When he spoke thus, walking at her side, she observed how his words went out into an utter void, which they gradually populated—first with the houses they were walking past—only these houses were a little different now, askew as one sees them mirrored in window-panes; and then there was the street too, and after a while herself, also a little changed and distorted, though still recognisable. She felt the force, the elemental vitality, emanating from this otherwise unremarkable man—causing a scarcely perceptible displacement of the surrounding world, a shifting and bending of things, flattening them out. It disconcerted her to see her own image too within that mirrorlike sliding world; it was as if she had only to yield a little more and she would be entirely that image.

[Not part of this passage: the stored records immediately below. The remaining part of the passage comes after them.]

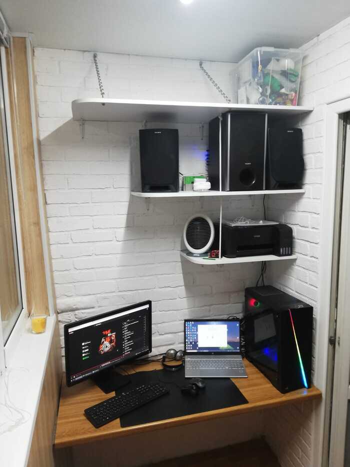 Плюсы: +4кв.м, успел до подорожания материалов, своя рабочая зона, зона для ребенка, шведская стенка с турником и навесным для ребенка, качели (закреплены на 2 крюка по 2 анкера за утеплителем), место под комп, колонки и принтер и еще для всяких мелочей. Есть вторая лоджия поменьше под хлам, поэтому нет ничего лишнего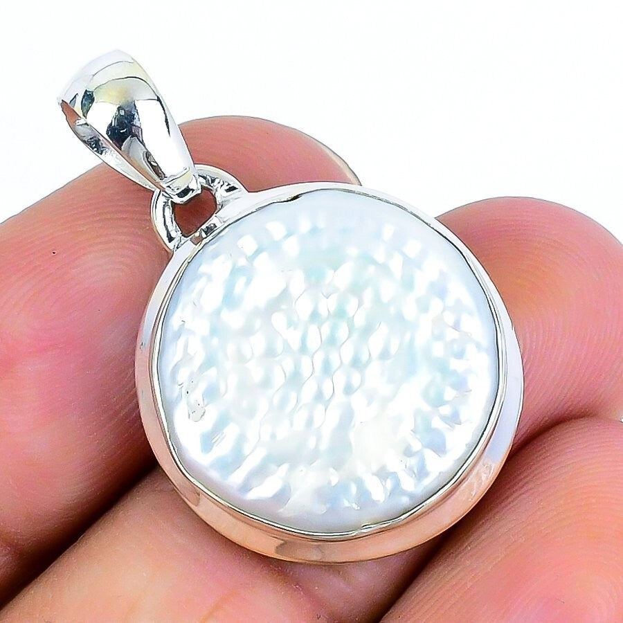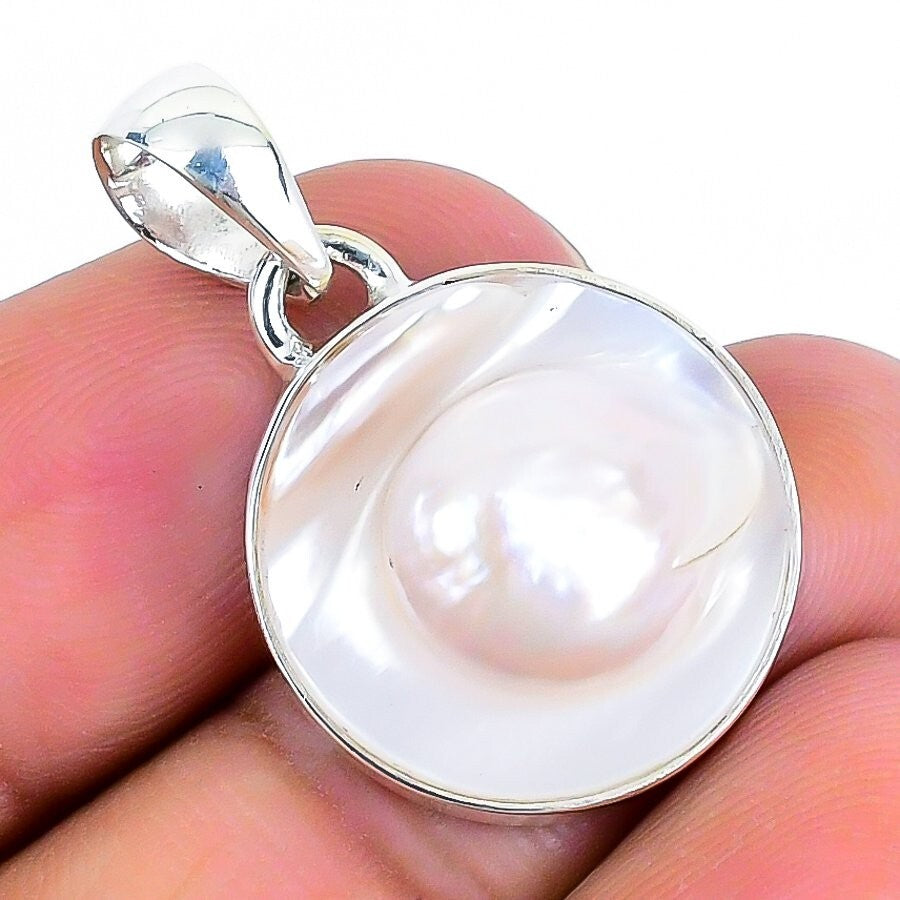 Blister Pearl Gemstone Mother Channel Set Artisan Anniversary Pendant 925 Silver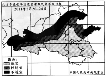 2、单选题 水分在地表结冰而不能渗入土壤,会使麦苗窒息或遭受冻害。为指导农民科学、合理地进行灌溉,中央气象台适时发布北方冬麦受旱区适宜灌溉气象等级预报。下图是中央气象台发布的2011年2月20日~24日的预报图,读图回答1—2题。?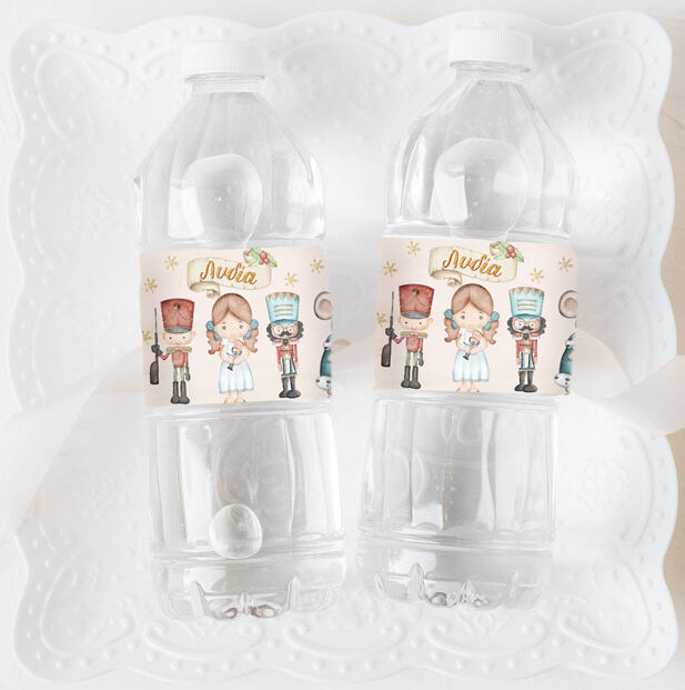 Οι μικροί καλεσμένοι δεν γίνεται να έχουν ένα κοινό μπουκάλι νερού! Μεταμορφώστε τα μπουκάλια με τις προσωποποιημένες ετικέτες νερού στο θέμα του Καρυοθραύστη, πάνω στις οποίες μπορεί να τυπωθεί το όνομα της επιλογής σας.
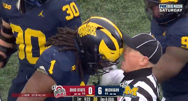 El apoyador de Michigan, Jaishawn Barham, sorprendió a los fanáticos cuando sorprendentemente le dio un cabezazo a un árbitro durante el juego del sábado.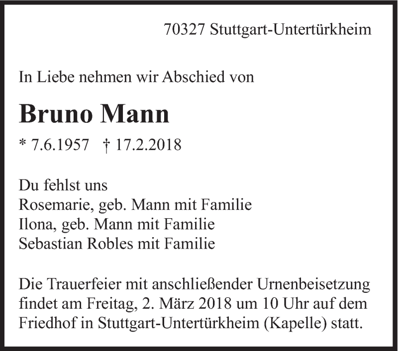 Hier finden Sie alle Traueranzeigen aus der Zeitung, die bisher für Bruno Mann erschienen sind. Weitere Traueranzeigen, die in der Zeitung erscheinen, werden hier ebenfalls aufgelistet

Then there was a moment when he exclaimed: "Believe me, it's all a matter of habit. If, let's say, at seventeen or eighteen, you had met some other man and married him, today you would find it just as difficult to imagine yourself the wife of the man whom, as it happens, you
have
married."

They came to where the church was. Tall and solitary they stood there in the wide square, and, looking at her companion, Claudine saw his gestures projecting out of him into the emptiness round about. For a moment she felt as if thousand of crystals bound together to form her body were bristling and writhing; a scattered, splintered, restlessly flickering light rose within her, and the man on whom it fell all at once looked quite different in the glitter of it: his outlines shifted closer to her, twitching, jerking like her own heart, and she felt each of his movements inside her, passing through her body. She wanted to cry out, reminding herself who he was; but this feeling was only an insubstantial chaotic gleam floating strangely somewhere within her, as though it had nothing to do with her.

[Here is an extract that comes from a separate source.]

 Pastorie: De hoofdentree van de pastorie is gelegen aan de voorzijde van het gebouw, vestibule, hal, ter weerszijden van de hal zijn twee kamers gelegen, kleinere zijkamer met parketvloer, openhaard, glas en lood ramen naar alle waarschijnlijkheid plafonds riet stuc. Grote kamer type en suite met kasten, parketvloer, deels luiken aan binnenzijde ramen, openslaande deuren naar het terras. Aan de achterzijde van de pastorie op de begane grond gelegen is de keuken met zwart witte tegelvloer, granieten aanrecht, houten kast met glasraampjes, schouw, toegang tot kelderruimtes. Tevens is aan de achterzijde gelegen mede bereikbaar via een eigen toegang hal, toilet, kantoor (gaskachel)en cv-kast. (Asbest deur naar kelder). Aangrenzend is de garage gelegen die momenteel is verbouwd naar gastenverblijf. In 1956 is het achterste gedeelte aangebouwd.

And then everything seemed to disappear in a vortex of misty light. She glanced about her: there were the houses, as before, standing straight and silent around the square. In the tower the clock began to strike. Round and metallic the chimes came bowling through the dream-holes, scattering as they fell, and skimming away over the roofs. Claudine imagined them rolling on over the countryside, far away, resounding.... And all at once, in awe, she felt : voices go through the world, many-towered and massive, clangorous as brazen cities—something that is beyond reason, an independent, incomprehensible world of feeling, combining as it were arbitrarily and at random with the everyday world of reason and then again vanishing into stillness—something that is like those vast abysmal wings of darkness that sometimes move softly across a blank and rigid sky.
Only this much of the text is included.